▶ _EXERCISE BRIEF_
Your copy of the listing should be exact and should contain no pictures.

▶ _GIVEN INFORMATION_
-----

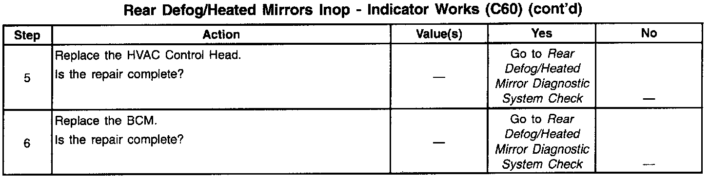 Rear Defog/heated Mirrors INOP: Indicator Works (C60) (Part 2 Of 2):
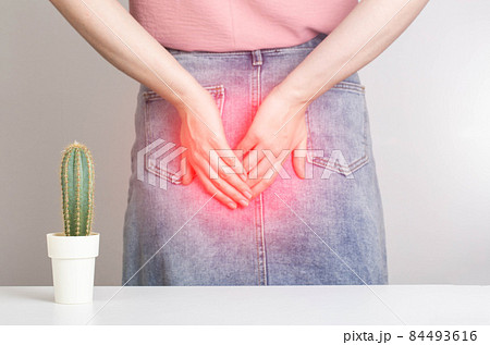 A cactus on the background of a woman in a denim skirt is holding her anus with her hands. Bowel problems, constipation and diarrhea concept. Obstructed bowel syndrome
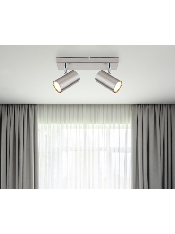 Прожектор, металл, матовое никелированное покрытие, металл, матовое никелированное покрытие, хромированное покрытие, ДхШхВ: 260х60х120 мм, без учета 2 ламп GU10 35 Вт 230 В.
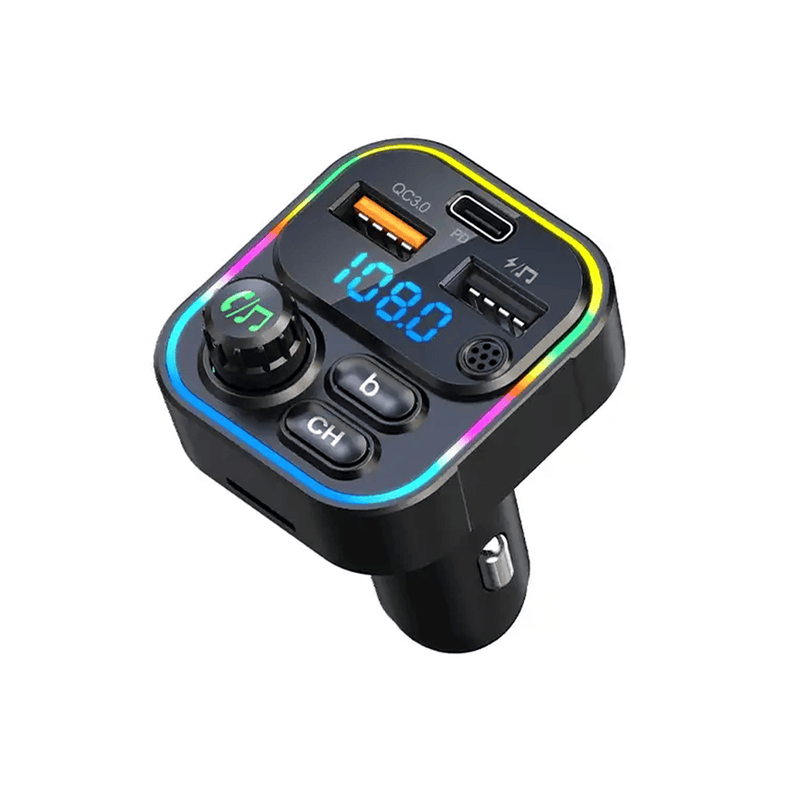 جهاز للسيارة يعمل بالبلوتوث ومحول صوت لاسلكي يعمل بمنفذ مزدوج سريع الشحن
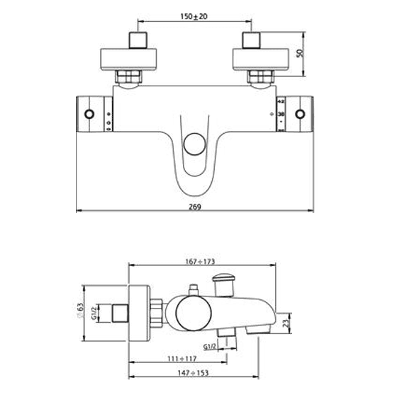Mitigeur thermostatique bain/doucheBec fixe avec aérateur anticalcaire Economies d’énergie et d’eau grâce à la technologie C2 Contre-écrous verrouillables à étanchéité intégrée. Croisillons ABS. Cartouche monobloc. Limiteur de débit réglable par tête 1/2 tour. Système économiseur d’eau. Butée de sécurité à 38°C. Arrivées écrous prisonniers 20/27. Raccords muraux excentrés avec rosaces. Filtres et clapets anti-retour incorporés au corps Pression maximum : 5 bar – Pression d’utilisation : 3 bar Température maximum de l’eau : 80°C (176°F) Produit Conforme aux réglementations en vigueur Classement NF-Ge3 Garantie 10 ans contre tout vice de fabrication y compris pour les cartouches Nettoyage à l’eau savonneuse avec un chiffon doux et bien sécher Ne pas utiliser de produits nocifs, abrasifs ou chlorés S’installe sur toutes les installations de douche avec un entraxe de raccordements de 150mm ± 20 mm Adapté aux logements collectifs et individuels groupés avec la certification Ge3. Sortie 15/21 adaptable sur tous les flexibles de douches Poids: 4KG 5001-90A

-----

▶ _EXERCISE OUTPUT_
 Rear Defog/heated Mirrors INOP: Indicator Works (C60) (Part 2 Of 2):
 A cactus on the background of a woman in a denim skirt is holding her anus with her hands. Bowel problems, constipation and diarrhea concept. Obstructed bowel syndrome
 Прожектор, металл, матовое никелированное покрытие, металл, матовое никелированное покрытие, хромированное покрытие, ДхШхВ: 260х60х120 мм, без учета 2 ламп GU10 35 Вт 230 В.
 جهاز للسيارة يعمل بالبلوتوث ومحول صوت لاسلكي يعمل بمنفذ مزدوج سريع الشحن
Mitigeur thermostatique bain/doucheBec fixe avec aérateur anticalcaire Economies d’énergie et d’eau grâce à la technologie C2 Contre-écrous verrouillables à étanchéité intégrée. Croisillons ABS. Cartouche monobloc. Limiteur de débit réglable par tête 1/2 tour. Système économiseur d’eau. Butée de sécurité à 38°C. Arrivées écrous prisonniers 20/27. Raccords muraux excentrés avec rosaces. Filtres et clapets anti-retour incorporés au corps Pression maximum : 5 bar – Pression d’utilisation : 3 bar Température maximum de l’eau : 80°C (176°F) Produit Conforme aux réglementations en vigueur Classement NF-Ge3 Garantie 10 ans contre tout vice de fabrication y compris pour les cartouches Nettoyage à l’eau savonneuse avec un chiffon doux et bien sécher Ne pas utiliser de produits nocifs, abrasifs ou chlorés S’installe sur toutes les installations de douche avec un entraxe de raccordements de 150mm ± 20 mm Adapté aux logements collectifs et individuels groupés avec la certification Ge3. Sortie 15/21 adaptable sur tous les flexibles de douches Poids: 4KG 5001-90A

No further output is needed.